While there are a number of ways to produce ethanol, the most cost effective way is through alcoholic fermentation. During this process, the hexose sugar glucose is split into two pyruvate molecules, generating two ATP and reducing two NAD+ molecules by a process known as glycolysis. During alcoholic fermentation pyruvate is metabolized to ethanol and carbon dioxide with the regeneration of NAD+ (Figure 1).
Figure 1. Schematic representation of the fermentation process.

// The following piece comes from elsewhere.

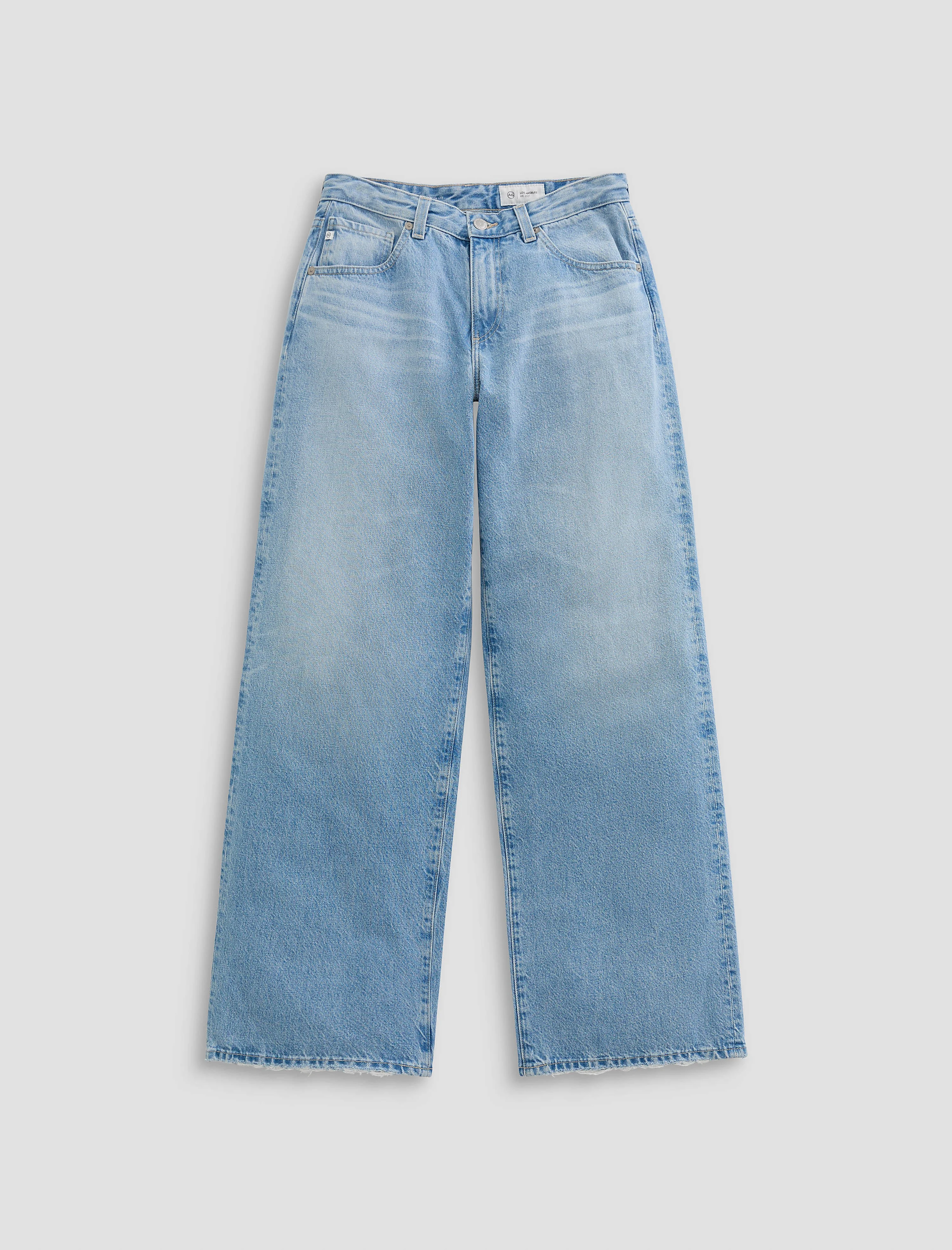 Low-Rise Wide Leg Adria is crafted in Sioux Rigid Denim for structure that lasts all day. This jean is adored for its low-rise waist that hangs on the hip and a loose wide leg that puddles at the hem. Designed in our light blue wash, Mondrian, and finished with whiskering, fading, and distressed hem. DETAILS & FIT Model is wearing a size 26. - Front Rise: 9 1/2" - Knee Opening: 22" - Bottom Opening: 21" - Inseam: 32" FABRIC & CARE Sioux Rigid Denim, 13 oz. 100% Cotton

The different technologies used to produce the fermentation sugars necessary for ethanol production are often described as different generations depending on the technology employed. First generation bio-ethanol production is from fermentable hexose sugars made available by the digestion of starches found in different feed stock sources such as corn or sugar cane. Second generation bioethanol production is the result of the fermentation of lignocellulosic biomass. These feed stocks include: (1) corn stover (leaves and stalks of maize); (2) wheat straw; (3) barley straw; (4) switchgrass; and (5) wood waste products. Depending on the feed stock source, different enzymatic means are used to extract the fermentable saccharides from the polysaccharide polymer.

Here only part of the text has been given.